🤖 AI Summary
This work identifies a phase-specific “over-memorization” phenomenon in fine-tuning large language models (LLMs) for reasoning tasks: during certain training stages, models maintain high test accuracy while exhibiting sharply degraded out-of-distribution generalization, robustness, and generation diversity—and anomalously elevated test perplexity. Through systematic analysis of learning dynamics across multiple tasks, models (e.g., LLaMA, Qwen), and fine-tuning paradigms (LoRA, full-parameter tuning), we formally define this phenomenon and empirically establish its prevalence.
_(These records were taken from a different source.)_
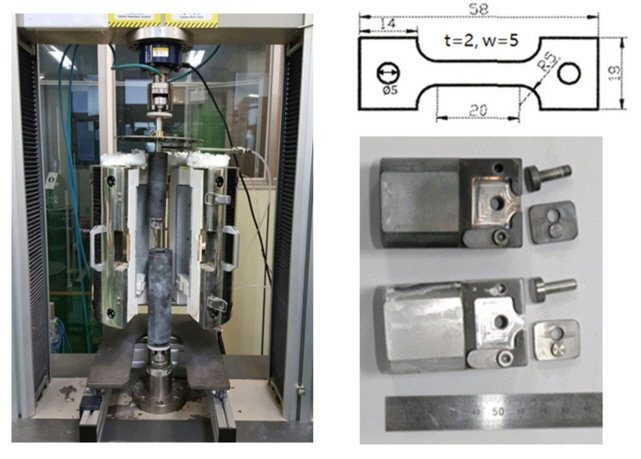 그림 1에 나타낸 바와 같이, 저항가열 방식의 전기로(Three-zone Split Furnace)가 부착된 2 Ton 하중 용량의 인장시험기(Universal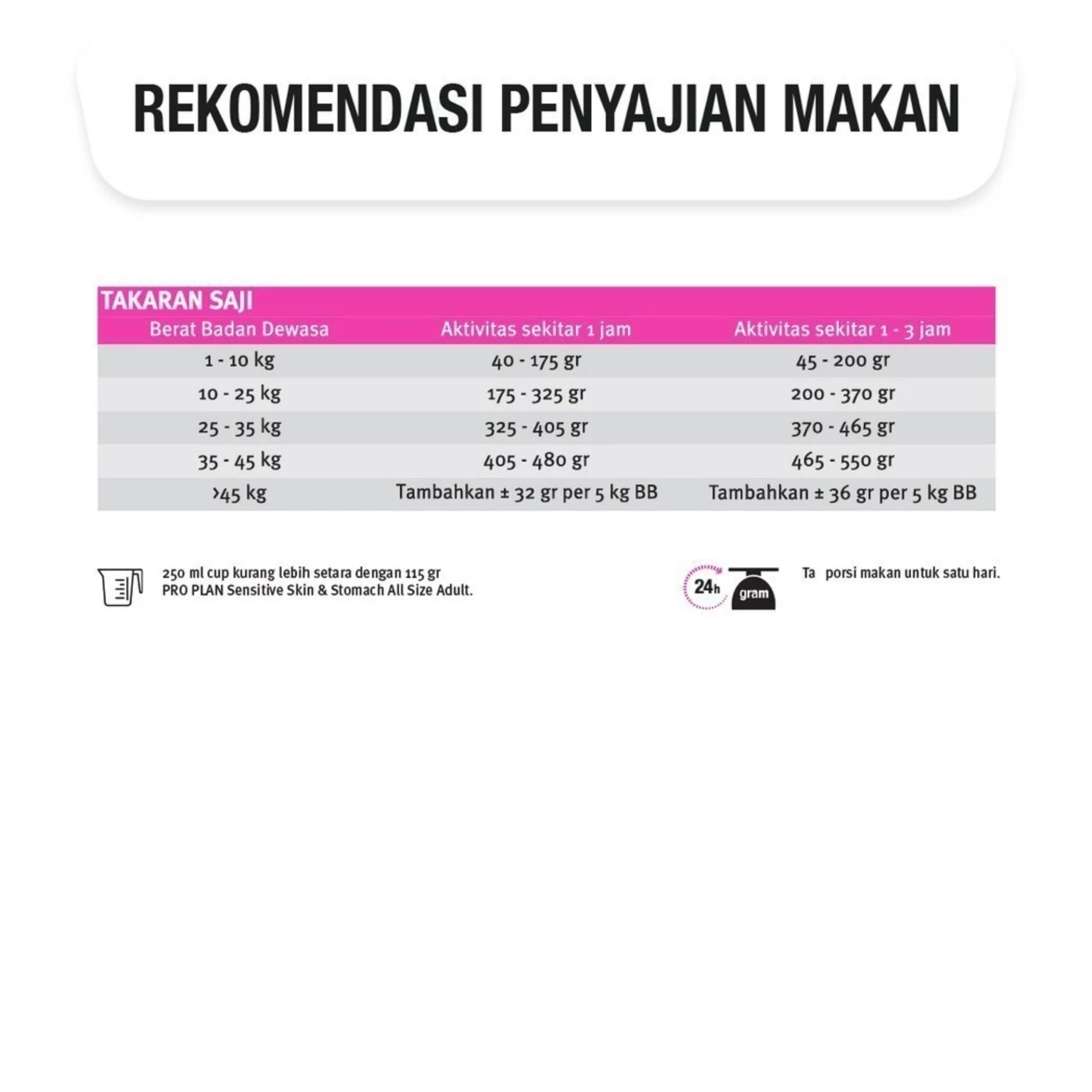 Layaknya manusia, beberapa anjing terlahir lebih sensitif dibanding lainnya. Saat intoleransi makanan terjadi, sistem imunita bereaksi negatif pada bahan-bahan yang aman seperti ayam, daging, kedelai, jagung dan gandum. PRO PLAN Dog Adult Sensitive Skin & Stomach All Size Salmon Tuna telah teruji klinis membantu menurunkan resiko reaksi negatif perut pada makanan, dan kombinasi nutrisinya dapat membantu kondisi kulit dan kesehatan perut anjing Anda. Makanan yang lengkap dan seimbang untuk anjing dewasa segala ukuran. PRO PLAN Dog Adult Sensitive Skin & Stomach Medium & Large Salmon Mackarel diformulasikan untuk membantu mengurangi resiko alergi makanan. Merupakan produk kombinasi untuk menjaga kesehatan kulit dan perut.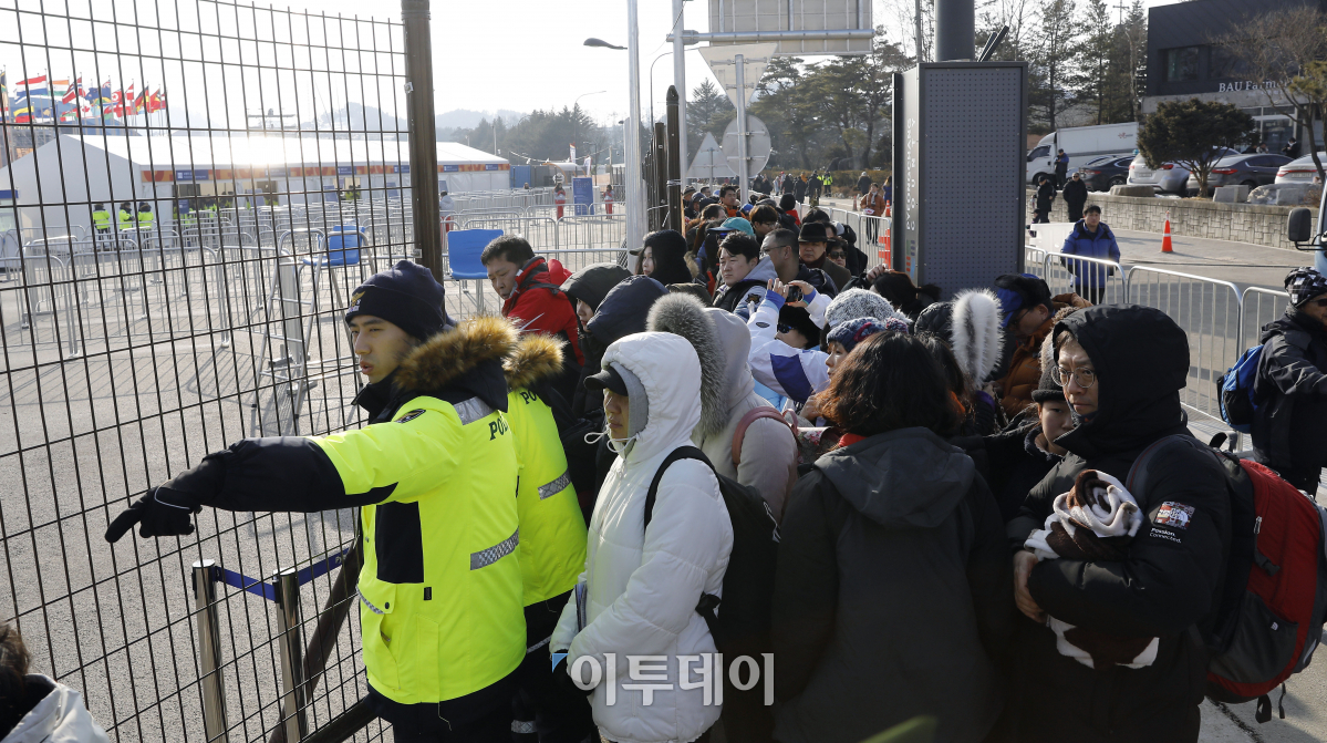 2018평창동계올림픽 개막일인 9일 강원 평창군 올림픽플라자 앞에서 관람객들이 입장을 하기 위해 기다리고 있다. 이동근 기자 foto@

We attribute over-memorization to local overfitting of over-parameterized models to training data—a failure mode invisible to conventional accuracy metrics. To address it, we propose mitigation strategies grounded in checkpoint selection and learning rate scheduling. Our contributions include the first formal characterization of over-memorization in LLM reasoning fine-tuning, rigorous empirical validation across diverse settings, and practical, reproducible diagnostic tools and guidelines for robust LLM adaptation.
📝 Abstract
The pretrained large language models (LLMs) are finetuned with labeled data for better instruction following ability and alignment with human values. In this paper, we study the learning dynamics of LLM finetuning on reasoning tasks and reveal the uncovered over-memorization phenomenon during a specific stage of LLM finetuning. At this stage, the LLMs have excessively memorized training data and exhibit high test perplexity while maintaining good test accuracy. We investigate the conditions that lead to LLM over-memorization and find that training epochs and large learning rates contribute to this issue. Although models with over-memorization demonstrate comparable test accuracy to normal models, they suffer from reduced robustness, poor out-of-distribution generalization, and decreased generation diversity. Our experiments unveil the over-memorization to be broadly applicable across different tasks, models, and finetuning methods. Our research highlights that overparameterized, extensively finetuned LLMs exhibit unique learning dynamics distinct from traditional machine learning models. Based on our observations of over-memorization, we provide recommendations on checkpoint and learning rate selection during finetuning.